Chapter 22
IN THIS CHAPTER
Performing text searches easily
Detecting differences in individual words
Considering the feasibility of hypercomputers
Employing one-way functions, and more …
Algorithms have indeed been around for centuries, so you’d think that scientists would have discovered and solved every algorithm by now. Unfortunately, the opposite is true. Solving a particular algorithm often presents a few more questions that the algorithm doesn’t solve and that didn’t seem apparent until someone did come up with the solution. In addition, changes in technologies and lifestyle often present new challenges that call for yet more algorithms. For example, the connected nature of society and the use of robots have both increased the need for new algorithms.
As presented in Chapter 1, algorithms are a series of steps used to solve a problem, and you shouldn’t confuse them with other entities, such as equations.
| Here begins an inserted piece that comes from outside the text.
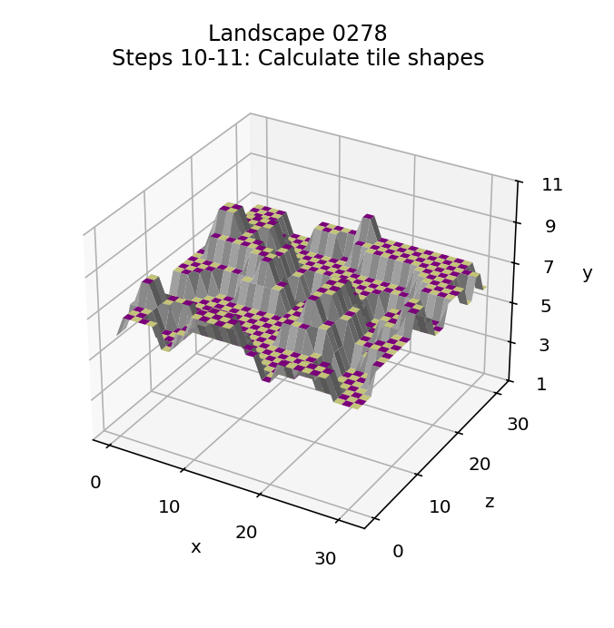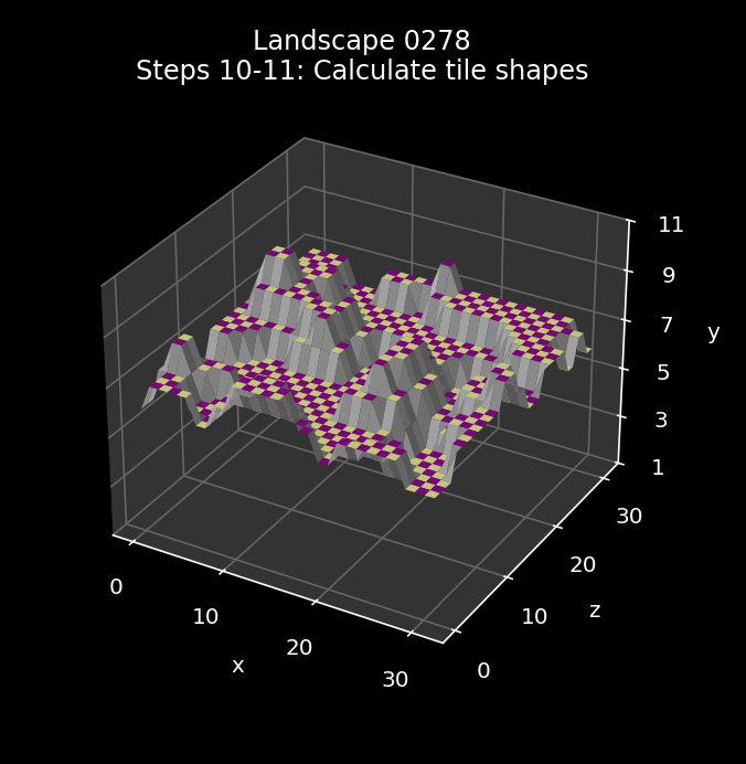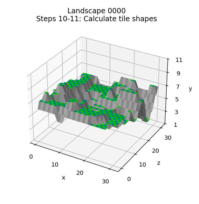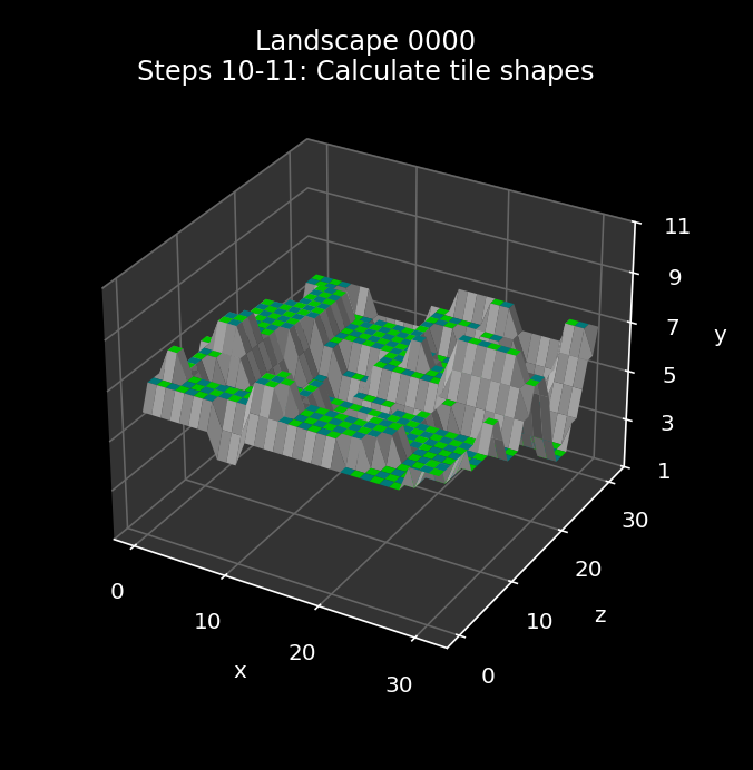 Here is the effect of the tile shape process when applied to landscape 0000, with the starting landscape from step 4 on the left and the tile-based landscape on the right: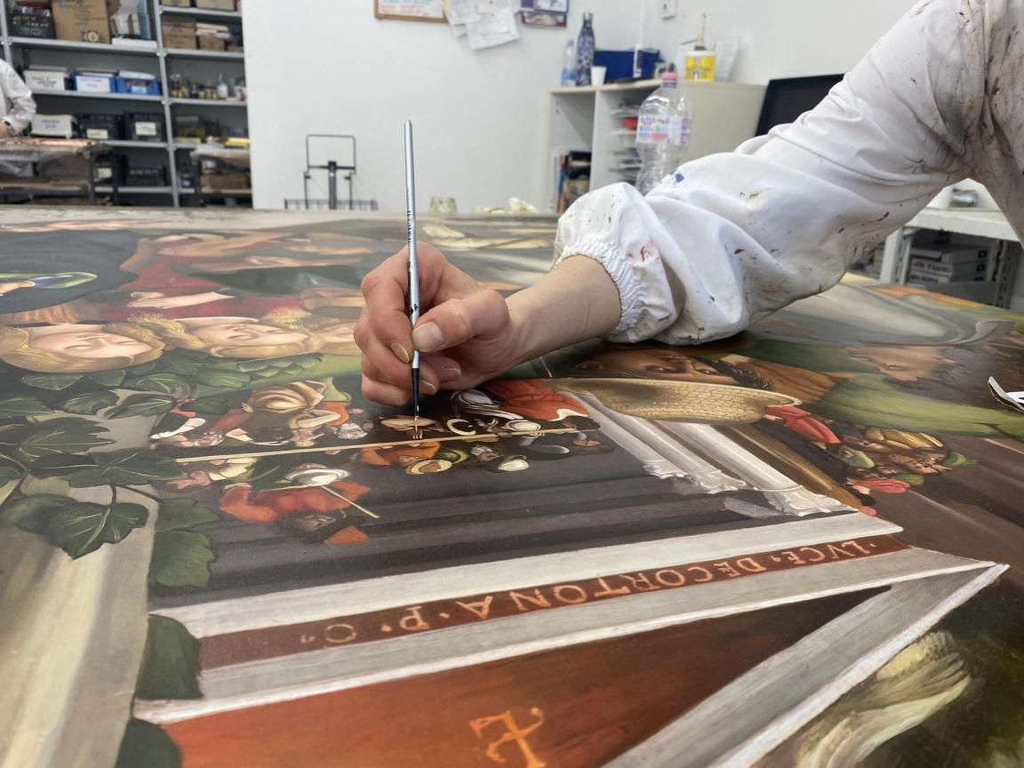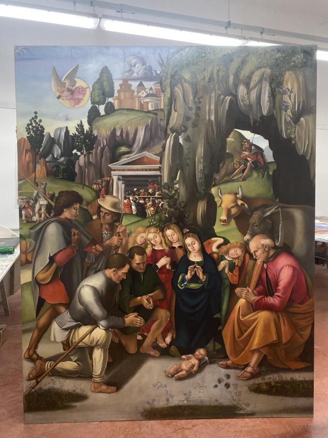 Il “Signorelli” ritrovato: una riproduzione de “l’Adorazione dei Pastori” ricollocata a Città di Castello nella chiesa di San Francesco, in pieno centro storico, dove era stata realizzata nel 1496 dal grande maestro del Rinascimento. Stesse dimensioni, cm 215X170,2, stessa tecnica ed identica collocazione, l’opera che è stata scoperta ufficialmente questo pomeriggio nell’ambito di una partecipata cerimonia, su iniziativa dell’Associazione Chiese Storiche, è stata realizzata dalla Bottega Tifernate, dal maestro Stefano Lazzari e dal suo qualificato staff, in “pictografia” dipinta ad olio su tavola. Un lavoro certosino, di rigore storico e tecnica unica nel suo genere durato sei mesi che rientra nel percorso formativo della “bottega” fondata oltre trenta anni fa allo scopo di ricreare opere d’arte che permettano di vivere l’emozione dell’originale. L’uso di pigmenti molto simili a quelli originali e lo studio fatto direttamente sull’opera hanno permesso di riprodurne esattamente ogni dettaglio cromatico ed estetico. “Ricollocare un’opera nella sua ubicazione di origine – dichiara il maestro Stefano Lazzari, nel corso dell’anteprima alla stampa, affiancato dalla sorella Francesca e dal padre Romolo con cui condivide la conduzione dell’azienda – non significa restituire l’originale: certamente, la pictografia, è la tecnica conosciuta più fedele che oggi si conosca per questo fine perché utilizza la tecnologia al servizio del lavoro dell’uomo. Solo attraverso lo studio, la ricerca e l’esperienza dei metodi antichi si può tentare di trasmettere allo spettatore una visione veritiera di un’opera non più visibile come nel caso dell’Adorazione dei Pastori, ormai fuori da Città di Castello da più di due secoli”. Un lavoro importante che anticipa le celebrazioni del cinquecentenario dalla morte del Signorelli e del Perugino previste nel 2023 che coinvolgeranno indirettamente anche Città di Castello, la città di Raffello e di altri grandi maestri del Rinascimento. La Bottega Tifernate sta lavorando alla ricreazione di altri quadri di questi grandi maestri che saranno ricollocati nelle loro sedi di origine entro questa data. Il dipinto raffigura l’episodio narrato nel Vangelo di Luca in cui i pastori, dopo aver ricevuto l’annuncio dall’angelo del Signore, accorrono per adorare il piccolo Gesù appena nato. Fulcro della composizione è il piccolo bambino che giace a terra con il capo sorretto da un cuscino. Vasari cita questa tra le opere del pittore e sappiamo che a metà del Settecento era sulla cappella Tiberti, la seconda sulla destra, in San Francesco, mentre, molto probabilmente, in origine si trovava nella navata superiore, di fronte allo Sposalizio della Vergine di Raffaello. L’Adorazione, firmata “LVCE DE CORTONA”, è datata in base all’analisi stilistica al 1496. “Siamo in anni di piena attività del pittore per Città di Castello – precisa Francesca Mavilla, storica dell’arte – che poco prima aveva dipinto l’Adorazione dei Magi per Sant’Agostino (1493), la Natività Feriani (1494 ca.) per la stessa chiesa e poi il Martirio di San Sebastiano in San Domenico (1498). Anni nei quali Signorelli dimostra di essere divenuto non solo il pittore di riferimento della famiglia Vitelli, per la quale realizza i ritratti di Niccolò e i figli, ma dell’intera nobilitas tifernate che sceglie di abbellire il proprio altare con le sue opere. Presso il British Museum è conservato un disegno a carboncino dei tre pastori sulla sinistra e un angelo, utilizzato da pittore per riportare su tavola il dipinto (Londra, British Museum, inv. 1895,0915.602 recto). Venduta dai frati agli inizi dell’Ottocento, nel 1882 – conclude Mavilla – l’Adorazione dei Pastori fu acquistata dalla National Gallery di Londra”. Da oggi dunque la chiesa di San Francesco torna ad offrire a turisti e visitatori la visione di opere che hanno fatto la storia dell’arte rinascimentale. La chiesa di San Francesco è uno dei luoghi più significativi della storia ecclesiale e culturale di Città di Castello. Edificata nel corso del XIII secolo e successivamente ampliata tra XIV e XV, ha assunto la sua fisionomia attuale nella prima metà del XVIII e ormai da quasi ottocento anni rappresenta un punto di riferimento significativo nella vita cittadina. Fino al 2016 ha ospitato una comunità di Frati Minori Conventuali e oggi continua a essere chiesa parrocchiale; sebbene non più officiata quotidianamente è sempre molto frequentata, sia per la preghiera personale che per la visita turistica. “La sua fama – sottolinea, don Andrea Czortek, parroco di San Francesco, direttore beni culturali Diocesi di Città di Castello – è legata al fatto di avere ospitato, fino al 1798, il celebre “Sposalizio della Vergine”, dipinto da Raffaello Sanzio nel 1504. Di questa opera nel 2020, per iniziativa di un nostro concittadino e dell’amministrazione comunale, è stata collocata una riproduzione tecnologica. Adesso la chiesa acquisisce un’altra copia di un’opera, l'”Adorazione dei pastori” che Luca Signorelli, attorno all’anno 1496, aveva dipinto per la stessa chiesa. I nomi di san Francesco d’Assisi, Luca Signorelli, Raffaello Sanzio ci parlano di una plurisecolare storia di fede, arte e cultura; una storia che noi abbiamo ereditato e che oggi siamo chiamati a fare nostra e a proseguire, per trasmettere alle generazioni contemporanee i valori del bene e il gusto per il bello che hanno impreziosito la nostra storia. Come parroco ringrazio tutti coloro che, singoli cittadini o associazioni, si stanno adoperando affinché San Francesco continui a essere un luogo accogliente per i numerosi fedeli, pellegrini e turisti che durante l’anno frequentano in gran numero questa nostra chiesa”. “La chiesa in questione è uno degli edifici che meglio rappresenta Città di Castello, in essa hanno lavorato decine di artisti che ne hanno fatto

An algorithm is never a solution in search of a problem. No one would create a series of steps to solve a problem that doesn’t yet exist (or may never exist). In addition, many problems are interesting but have no pressing need for a solution. Consequently, even though everyone knows about the problem and understands that someone might want a solution for it, no one is in a hurry to create the solution.
This chapter is about algorithmic problems that would serve a purpose should someone find a solution for them. In short, the reason you need to care about this chapter is that you might find a problem that you’d really like to solve and might even decide to become part of the team that solves it.
Many text searches involve the use of regular expressions — a sort of shorthand that tells the computer what to find. The grammar used for the regular expression depends on the language or application, but you find regular expressions used in a number of places, including word processors, email applications, search dialogs, and in all sorts of other places where you need to provide precise search terms for a range of text items. You can read more about regular expressions at http://www.regular-expressions.info/
.
When working with characters, a computer sees numbers, not letters. The numbers are actually just a series of 0s and 1s to the computer and don’t actually have any meaning. Combining characters into strings just makes the series of 0s and 1s longer. Consequently, comparing two strings, something that a human can do at a glance, can take time within a computer, and confusion is likely between conjugates. For example, unless you’re careful in constructing the algorithm, a computer could confuse enlist and listen. More important, the computer would require time to discern the difference between the two. The separating words problem seeks to find the smallest (and fastest) possible algorithm (a deterministic finite automaton, DFN, in this case) to perform word separation. The goal is to accept one word and reject another, given two words of a particular length.
One of the problems that Alan Turing proposed in 1936 is the issue of whether an algorithm, given a description of a program and an input, could determine whether the program would eventually halt (the halting problem). When working with a simple application, it’s easy to determine in many cases whether the program will halt or continue running in an endless loop. However, as program complexity increases, determining the result of running the program with any given input becomes harder. A Turing machine can’t make this determination; the result is buggy code with infinite loops. No amount of testing that uses current technology can solve this issue.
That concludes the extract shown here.